In one whiteboard session, for instance, the game’s ill-intentioned developer explains how the use of Canadough obfuscates the real-money value of in-game purchases and therefore diminishes players’ inhibitions around buying things. But the use of in-app currency is a standard practice across many products (both freemium and non-freemium); Skype, for example, charges users for call time via Skype Credit, which must be purchased (upfront) in minimum $10 bundles. The purpose of Skype’s credit system isn’t exploitation but rather convenience; it prevents users from having to input their credit card details after every Skype-out call.
Another whiteboard session decries the fact that all freemium gaming profits are derived from a small minority of the user base — just 1%.
But this is freemium’s raison d’être; the entire point of freemium is to allow users to explore a product before committing money to it.

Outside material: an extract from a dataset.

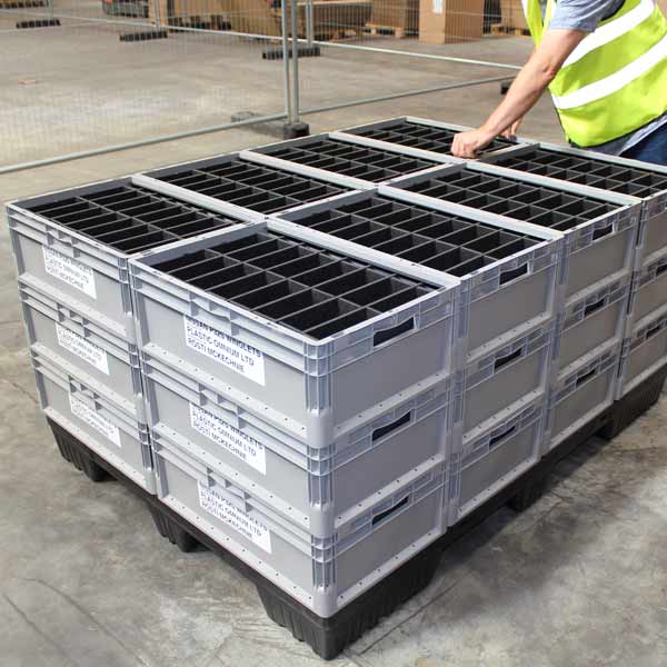 The industry standard 600 x 400 mm and 400 x 300 mm euro box sizes ensure compatibility with conveyors, pallets, warehouse racking and existing manufacturing processes.

Low conversion in freemium is a feature, not a bug, and, again, many other freemium, non-gaming consumer technology products have extremely low conversion rates. Evernote might be one of the most celebrated freemium products of all time, yet its most recently-published conversion rate was a mere 4%.
Ultimately, the whiteboard sessions parroted fairly vanilla gripes with the mechanics of freemium that don’t indict freemium games beyond being “not fun” as a function of personal taste. Where the show’s argument derails — and where most critiques of freemium gaming lose their intellectual momentum — is where it tries to draw a straight line between the people that spend money in freemium games and addiction.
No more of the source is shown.